When dealing with actual gardens, a walled garden can be useful. I first read about the phrase as a metaphor for a counter productive practice on wikis (and, by extension, the web as a whole).
But nowhere can this counter-productive practice be seen more starkly than in genealogy.
Here’s an example: I discovered an (indirect) ancestor named Mattys Blanchan, in the course of looking for him on WeRelate, I discovered 3 pages for this person (and a bit more digging showed there had been a fourth one). Each one with slightly different names and different lists of children. Each one from a different person’s GEDCOM, each tracing down to different descendants. Each of these GEDCOM files represented a different walled garden, people labouring to put together a tree, not knowing that several other people were doing the exact same work in their own walled garden. Thankfully, by loading their data onto WeRelate, these walls could now be broken down and all these people could see that we are all cousins. But, sadly, that did not happen; in all four cases, the GEDCOM file was uploaded, and then they walked away (what’s known on WeRelate as a “drive-by GEDCOM”), leaving that work to be done by someone else (me, apparently).
That’s the good kind of walled garden: it ended up in a place where the walls could be broken down. But I have happened upon numerous web sites devoted to a particular family; many containing a wealth of information, but I have found few with sources or citations. Just bare, purported, “facts” with no substantiation.

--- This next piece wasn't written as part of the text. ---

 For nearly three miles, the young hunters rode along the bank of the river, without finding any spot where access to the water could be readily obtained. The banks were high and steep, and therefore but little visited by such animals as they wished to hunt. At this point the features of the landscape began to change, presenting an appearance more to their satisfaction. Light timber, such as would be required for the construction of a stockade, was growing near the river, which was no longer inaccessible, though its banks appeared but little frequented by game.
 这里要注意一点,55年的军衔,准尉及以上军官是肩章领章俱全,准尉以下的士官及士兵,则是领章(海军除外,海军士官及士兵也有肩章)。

A garden full of things which could be healthy or deadly.
I should point out that I am relatively new to genealogy, and most of this is supposition based on what I have seen. But it seems that a tremendous amount of effort must be expended by people researching in their little “walled gardens” not knowing that many others are doing the exact same research, probably on the exact same ancestors. This is why I am doing all my work on WeRelate, it seems to be one of the few places dedicated to collaboration and quality research.
When I was about 12 years old my mother got a little booklet from a distant cousin which listed the family tree of the Way family (my maternal grandfather’s family) going back to the late 1600’s. For a social studies project that year, I copied the information onto the given charts and was quite proud that I had three pages. But, I had no understanding of the value of this information, how hard it was to get and what was missing. With that, I dropped it and didn’t think about it for a very long time.

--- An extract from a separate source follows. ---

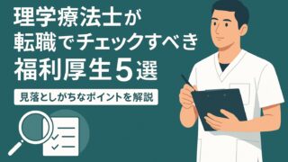 職場の選び方 理学療法士が転職でチェックすべき福利厚生5選|見落としがちなポイントを解説 理学療法士が転職先を選ぶときに見落としがちな福利厚生を解説。休暇制度、学会参加支援、子育て支援、住宅・通勤手当、健康サポートなど、長く働きやすい職場を見極める5つのポイントを紹介します。 2025.09.15 職場の選び方
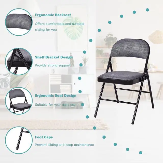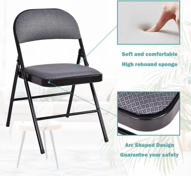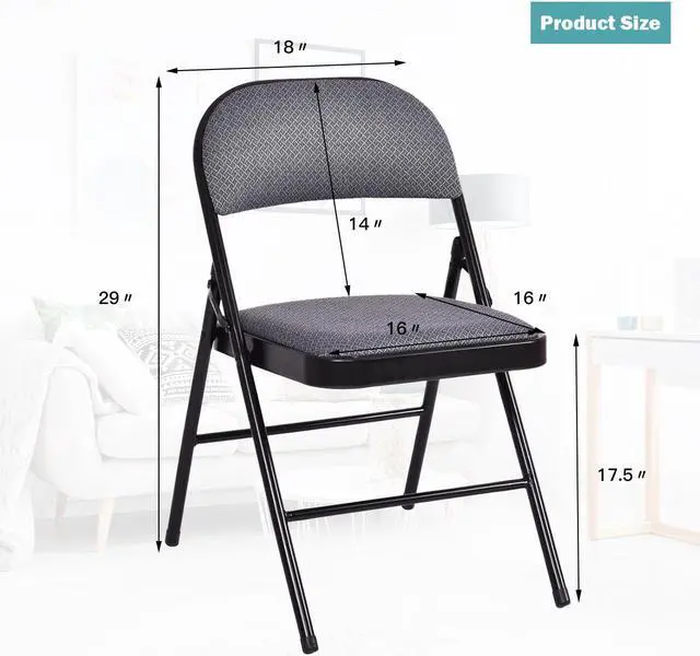 This is our 4-piece folding chairs set, which is lightweight and suitable for many occasions such as parties and events. Featuring high quality powder-coated steel frame, these chairs will assure you comfort and reliability. The fabric seat and backrest are filled with high density sponge, making it more comfortable during a long time meeting. Its foldable construction makes it easy to store and carry. They're almost suitable for anywhere, home, garden, office etc. 4 in 1 set at great price. Do not hesitate to buy it now!

In the late 1990’s my mother and step-father became Mormon and began digging through the entire family tree. In addition to the booklet mentioned above, my mother had another one tracing back her mother’s ancestry, again, back to the late 1600’s. She entered all this into her computer (with some help from me), and I got a copy of the GEDCOM file, which I messed with occasionally, and even converted it to HTML and put it on my web pages.
I remember thinking, at the time, that there must be countless GEDCOM files, like mine, floating around out there, and if you could put them all together you would have one huge family tree, which would be infinitely more valuable than all those individual GEDCOMs. But this was before Wikis existed and so I couldn’t see a way to get from here to there, and promptly forgot about the idea.
A few years ago, I started thinking again about this idea and realized that a Wiki was just what was needed for this. A few searches later I found myself at WeRelate.org. This was exactly what I was looking for! I promptly dug out that old GEDCOM file, and submitted it. To my shock, it was rejected! I figured a few quick additions was all that was needed and started reading. But it would not be so easy, and I put the project aside. Almost. In the process, I discovered the book Concerning the Van Bunschoten or Van Benschoten family in America, a genealogy and brief history and was shocked. This 921 page book details 4395 descendants (and many others who married into the family) spanning two and a half centuries. I started reading this book and realized what genealogy really was, how difficult it could be and what things can be learned.
So, when my mother was visiting for Thanksgiving, we sat down and I showed her how to use WeRelate and got started down what is obviously going to be a long road. Thus far, I have 277 entries in my family tree over there and have only scratched the surface.
All this is to say that you can expect more posts about this in the future, whether you like it or not.